:: Exercise inputs

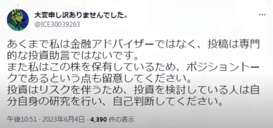アカウント名やプロフィール部分は今回の前澤工業の井村煽りの件で変更されてしまいましたが
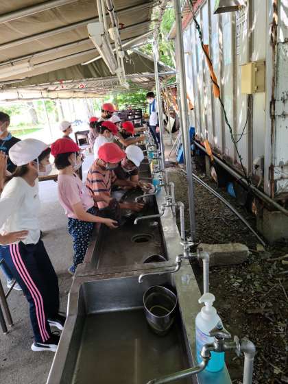 野外調理、最後の最後まで力を緩めず、時間をかけて努力する班もありました。
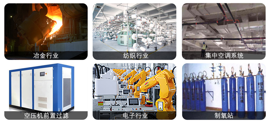 廣泛應(yīng)用于:冶金行業(yè),紡織行業(yè),空壓機(jī)前置過濾,電子行業(yè),集中空調(diào)系統(tǒng),制氧站
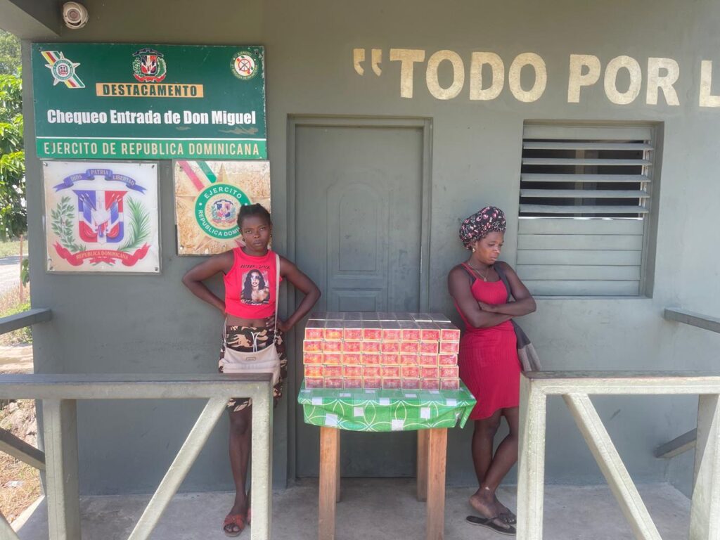 Dajabón RD, -Dos nacionales haitianas en condición migratoria irregular, fueron detenidas por soldados del Ejército de República Dominicana, cuando se desplazaban con 16,000 cigarrillos ilícitos en la comunidad Don Miguel de la provincia Dajabón.
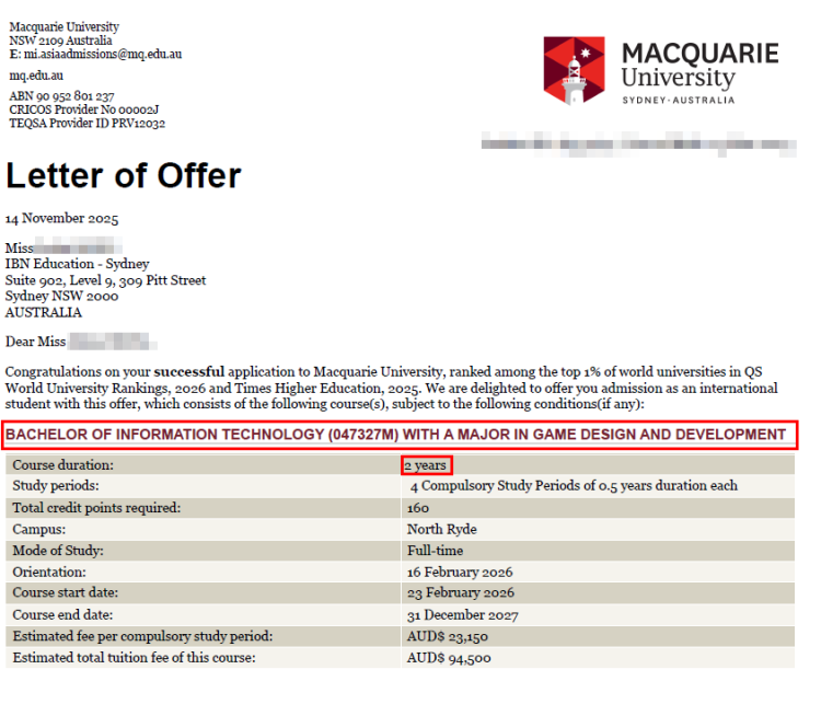 실제 유니센터 국제전형 프로그램을 통해 맥쿼리대학교 게임디자인&개발 전공 2학년으로 편입을 진행하는 학생의 편입학 허가서입니다. 기본적으로 호주대학교는 학사과정이 3년제로 진행되는데 유니센터에서의 학업을 면제 받아 졸업까지의 기간이 2년으로 명시된 것을 볼 수 있습니다.
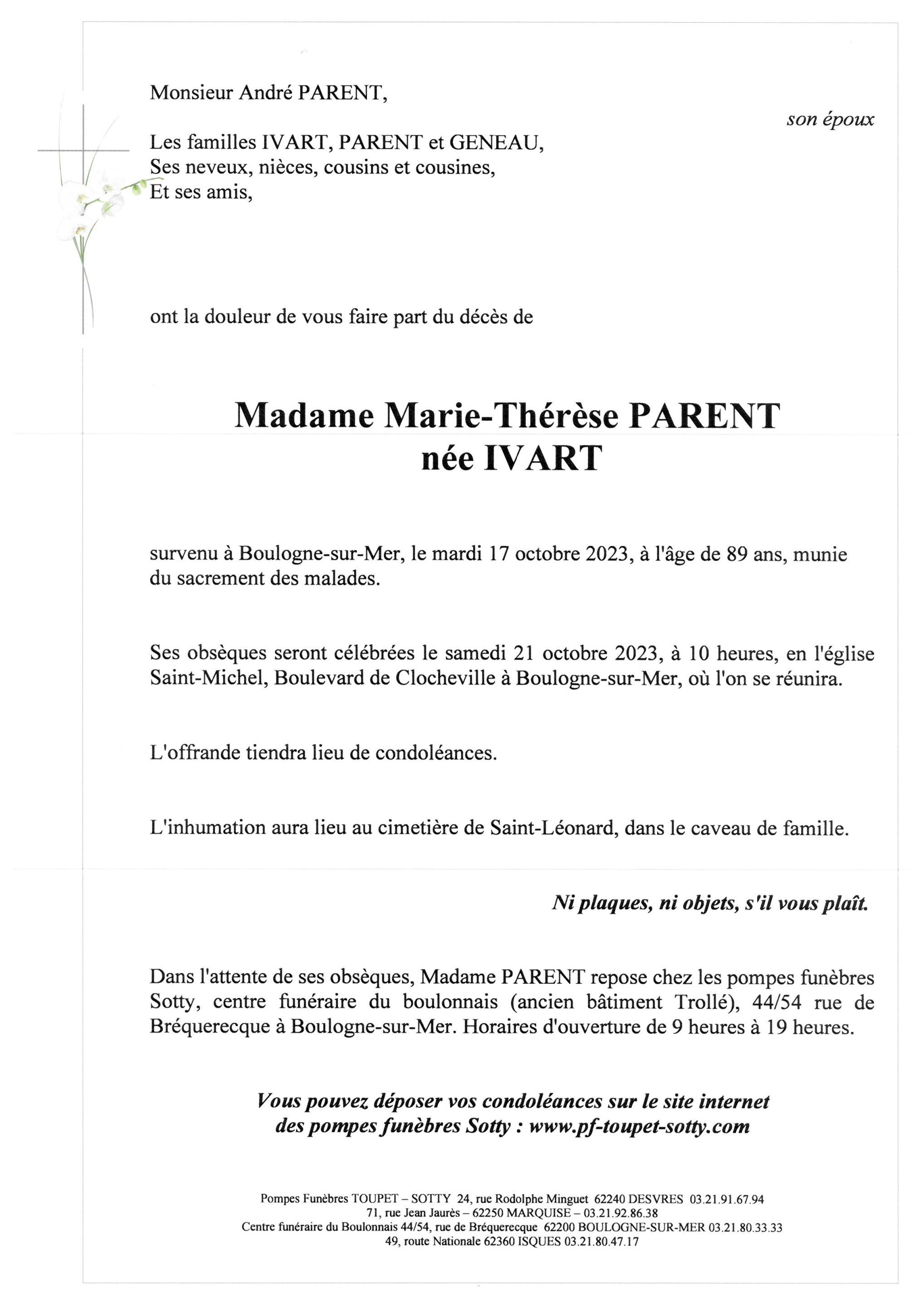 Madame Marie-Thérèse PARENT
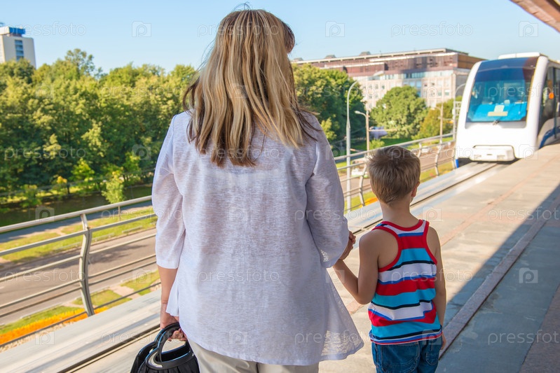 Женщина с ребенком на платформе ждет поезд
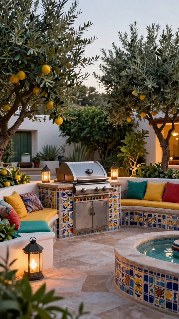 This setup includes colorful tilework around the grill, comfortable built-in seating with soft cushions, and a bar area for serving drinks and snacks. The inviting visuals and delicious aromas of grilled seafood will surely impress your guests, while nearby olive trees or citrus plants enhance the atmosphere.
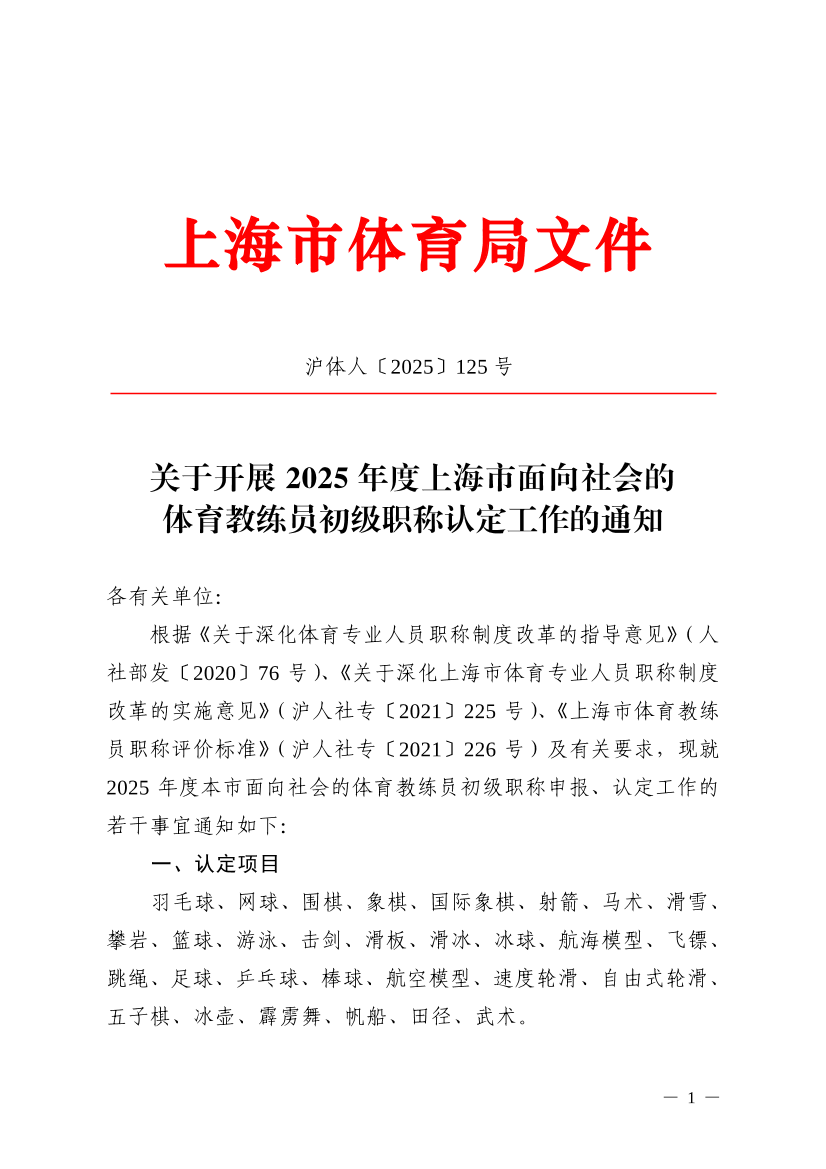 根据《关于深化体育专业人员职称制度改革的指导意见》(人社部发〔2020〕76号)、《关于深化上海市体育专业人员职称制度改革的实施意见》(沪人社专〔2021〕225号)、《上海市体育教练员职称评价标准》(沪人社专〔2021〕226号)及有关要求,现就2025年度本市面向社会的体育教练员初级职称申报、认定工作的若干事宜通知如下:

::::

Exercise instructions: Each line from the one containing "野外調理、最後の最後まで力を緩めず、時間をかけて努力する班もありました。" through the last line of the entries above should be duplicated exactly, both included; leave out pictures and add nothing.

Reply to the task:
 野外調理、最後の最後まで力を緩めず、時間をかけて努力する班もありました。
 廣泛應(yīng)用于:冶金行業(yè),紡織行業(yè),空壓機(jī)前置過濾,電子行業(yè),集中空調(diào)系統(tǒng),制氧站
 Dajabón RD, -Dos nacionales haitianas en condición migratoria irregular, fueron detenidas por soldados del Ejército de República Dominicana, cuando se desplazaban con 16,000 cigarrillos ilícitos en la comunidad Don Miguel de la provincia Dajabón.
 실제 유니센터 국제전형 프로그램을 통해 맥쿼리대학교 게임디자인&개발 전공 2학년으로 편입을 진행하는 학생의 편입학 허가서입니다. 기본적으로 호주대학교는 학사과정이 3년제로 진행되는데 유니센터에서의 학업을 면제 받아 졸업까지의 기간이 2년으로 명시된 것을 볼 수 있습니다.
 Madame Marie-Thérèse PARENT
 Женщина с ребенком на платформе ждет поезд
 This setup includes colorful tilework around the grill, comfortable built-in seating with soft cushions, and a bar area for serving drinks and snacks. The inviting visuals and delicious aromas of grilled seafood will surely impress your guests, while nearby olive trees or citrus plants enhance the atmosphere.
 根据《关于深化体育专业人员职称制度改革的指导意见》(人社部发〔2020〕76号)、《关于深化上海市体育专业人员职称制度改革的实施意见》(沪人社专〔2021〕225号)、《上海市体育教练员职称评价标准》(沪人社专〔2021〕226号)及有关要求,现就2025年度本市面向社会的体育教练员初级职称申报、认定工作的若干事宜通知如下:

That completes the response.